Every time I hear about a scandal involving leaked documents, I wonder to myself, why weren't they encrypted? Encryption is everywhere, after all. Chrome now puts a little warning marker in the Address Bar next to any non-secure HTTP address. Google is giving HTTPS links precedence in search results over plain, unsecured HTTP links. (The S stands for secure) The Electronic Frontier Foundation aims to protect web traffic by encrypting the entire internet using HTTPS. If you encrypt all of the sensitive documents on your desktop or laptop, a hacker or laptop thief won't be able to parley their possession into identity theft, bank account takeover, or worse. You can also safely share those encrypted documents with others, transmitting the decryption password under separate cover. To help you select an encryption product that's right for your computer, we've rounded up a collection of current products. As we review more products in this area, we'll update the list.
File Encryption, Whole-Disk Encryption, and VPNs
In this roundup, I'm specifically looking at products that encrypt files, not at whole-disk solutions like Microsoft's Bitlocker. Whole-disk encryption is an effective line of defense for a single device, but it doesn't help when you need to share encrypted data.
You can use a Virtual Private Network, or VPN, to encrypt your own internet traffic. From your PC to the VPN company's server, all your data is encrypted, and that's a great thing. However, unless you're connected to a secure HTTPS website, your traffic is not encrypted between the VPN server and the site. And of course the VPN's encryption doesn't just magically rub off on files you share. Using a VPN is a great way to protect your internet traffic when you're traveling, but it's not a solution for encrypting your local files.
No Back Doors
When the FBI needed information from the San Bernardino shooter's iPhone, they asked Apple for a back door to get past the encryption. But no such back door existed, and Apple refused to create one. The FBI had to hire hackers to get into the phone.
Why wouldn't Apple help? Because the moment a back door or similar hack exists, it becomes a target, a prize for the bad guys. It will leak sooner or later. In a talk at Black Hat this past summer, Apple's Ivan Krstic revealed that the company has done something similar in their cryptographic servers. Once the fleet of servers is up and running, they physically destroy the keys that would permit modification.
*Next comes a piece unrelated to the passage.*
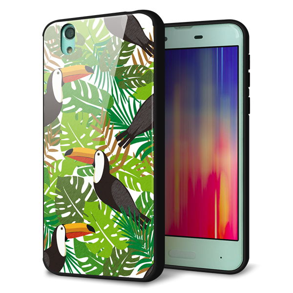 docomo アクオス センス SH-01K 強化ガラス&TPUスマホケース ガラプリ【SC894 ボタニカル トロピカルバード】
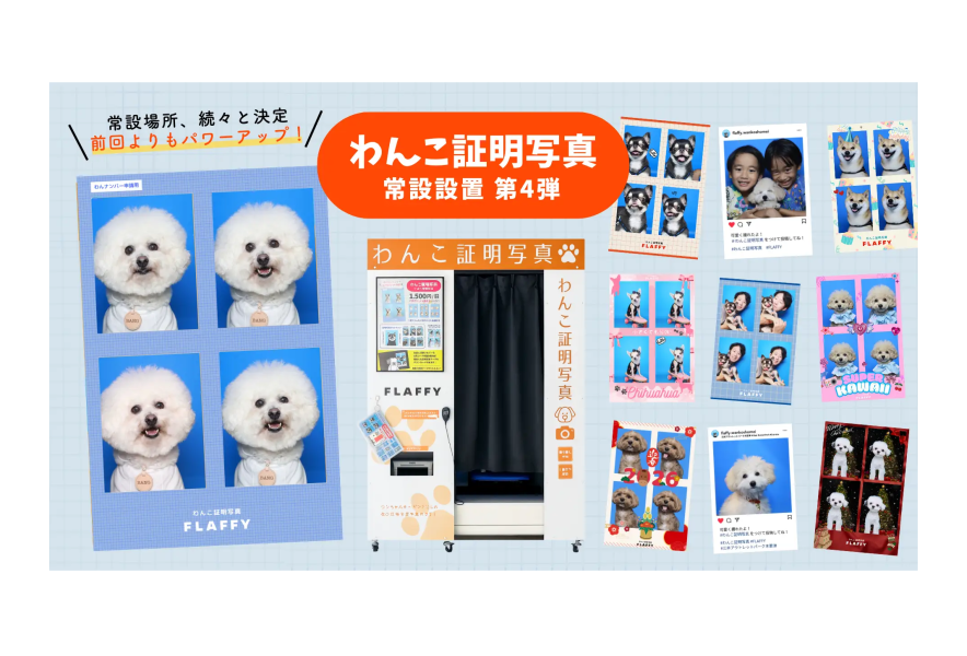 “イヌとヒトの関係をフラットに” をコンセプトに、約17.7万フォロワーの国内最大級の犬情報メディア事業や人間の服を愛犬の服にリメイクするサービスを展開する株式会社FLAFFY(本社:東京都中野区、代表取締役:廣田 智沙/以下 当社)は、大好評の『わんこ専用証明写真機』を、これまでの有明・横浜・経堂での展開に続き、第4弾として千葉県木更津市・金田東にある国内最大級のアウトレットモール『三井アウトレットパーク 木更津』に設置いたします。

Apple can't update them, but the bad guys can't get in either.
All of the products in this roundup explicitly state that they have no back door, and that's as it should be. It does mean that if you encrypt an essential document and then forget the encryption password, you've lost it for good.
Two Main Approaches
Back in the day, if you wanted to keep a document secret you could use a cipher to encrypt it and then burn the original. Or you could lock it up in a safe. The two main approaches in encryption utilities parallel these options.
One type of product simply processes files and folders, turning them into impenetrable encrypted versions of themselves. The other creates a virtual disk drive that, when open, acts like any other drive on your system. When you lock the virtual drive, all of the files you put into it are completely inaccessible.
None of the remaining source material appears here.